During the beta a lot of users started to signal errors regarding timeouts. Every time that a data update was requested, 2 html pages were downloaded, parsed. Furthermore, with parsed data, a Xaml view had to be rendered (two times, one per tile resolution) and then saved on disk. Everytime I had got an account with more than a single number, background agent timeout was unevitable.

Scratching data from html pages directly from the phone was not a great idea. For this reason I started thinking move to a server side processing.

Few days later, I discovered a JSON endpoint to get the same data. I was so giving up with Server Side processing. However the endpoint was under https but with a self signed certificate, and Windows Phone 8 does not allow you to make request to https invalid endpoints. The server side was unevitable.

Moving to server side

Since the application was going to be free, free had to be the hosting too :) After a first (and disastrous) start with somee, I landend on AppHarbor. AppHarbor is just amazing: Git repository as application storage, integrated build and test execution environment, very nice dashboard, a lot of free addons, and a free ssl endpoint too. Just what I was looking for.
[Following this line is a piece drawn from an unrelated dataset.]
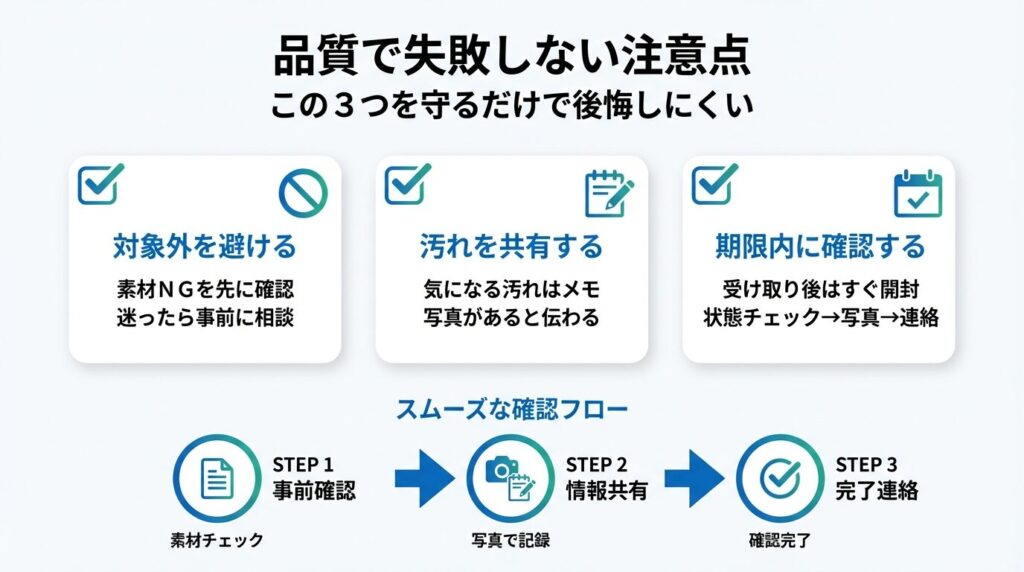 最後に、対象外の確認・汚れのメモや写真共有・到着後すぐの状態チェックまでやれば、品質重視でも後悔しにくい運用ができます。

The code on server side is relatively simple. It is just one WebApi2 controller with a single main action: GetData

public async Task<IHttpActionResult> GetData([FromBody]Q_X d1, [FromUri]Q_X d2)
  {

  }

The presence of same parameters, one FromBody and one FromUri is due to compatibility. First client versions used to send data over queryString, the subsequent ones in body. So the two arguments are merged to get a real data.

	Q_X data = d1 ?? d2;

The controller is very very simple. It saves some data into a SqlDatabase and calls a method from an injected (inferred from query string) interface:

public interface ICreditInfoRetr : ICloneable
{
    Task<CreditInfo> Get(string username, string type, Guid dev_id);
    string Type { get; }
}

Since the querystring is a runtime parameter and I hate to expose my container into actions, I used a delegate factory to construct object implementation.

Initially I had got a single implementation, today I can praise to support

and new ones are added when a comprensible pool of users start to ask about it.

Stats

The interesting thing is that, to serve 108k daily requests, the CPU is always averaged in 0.10-0.19. I’ve never seen CPU load beyond 0.25 This really good ratio is due to Async Controller nature. 90% of time is just waiting data from carrier server. Only a small amount of time is spent for manipulation. This assumption, united with async/await pattern, makes me serve a lot of request with a minimal CPU load.

Beyond this load (due to background agent periodic downloads) there is another group of users that are server using push notification. These are hosted on Windows Azure and gets triggered every 10 minutes. Pushnotifications are, of course, sent only if a variation in credit data is detected. Everyday 2000 push notifications (tiles and toast ones) are sent.

Regrets and lessons learned

A lot of thing to be proud of, but a lot of things of shame. At first, I really underestimated the project. Since all was born as a playground and no public application was planned, the client side code is a bit tricky.

However, I am now developing a new Windows Phone 8.1 application (that is going to be open sourced once finished). I will try to apply all lessons learned with this fantastic experience.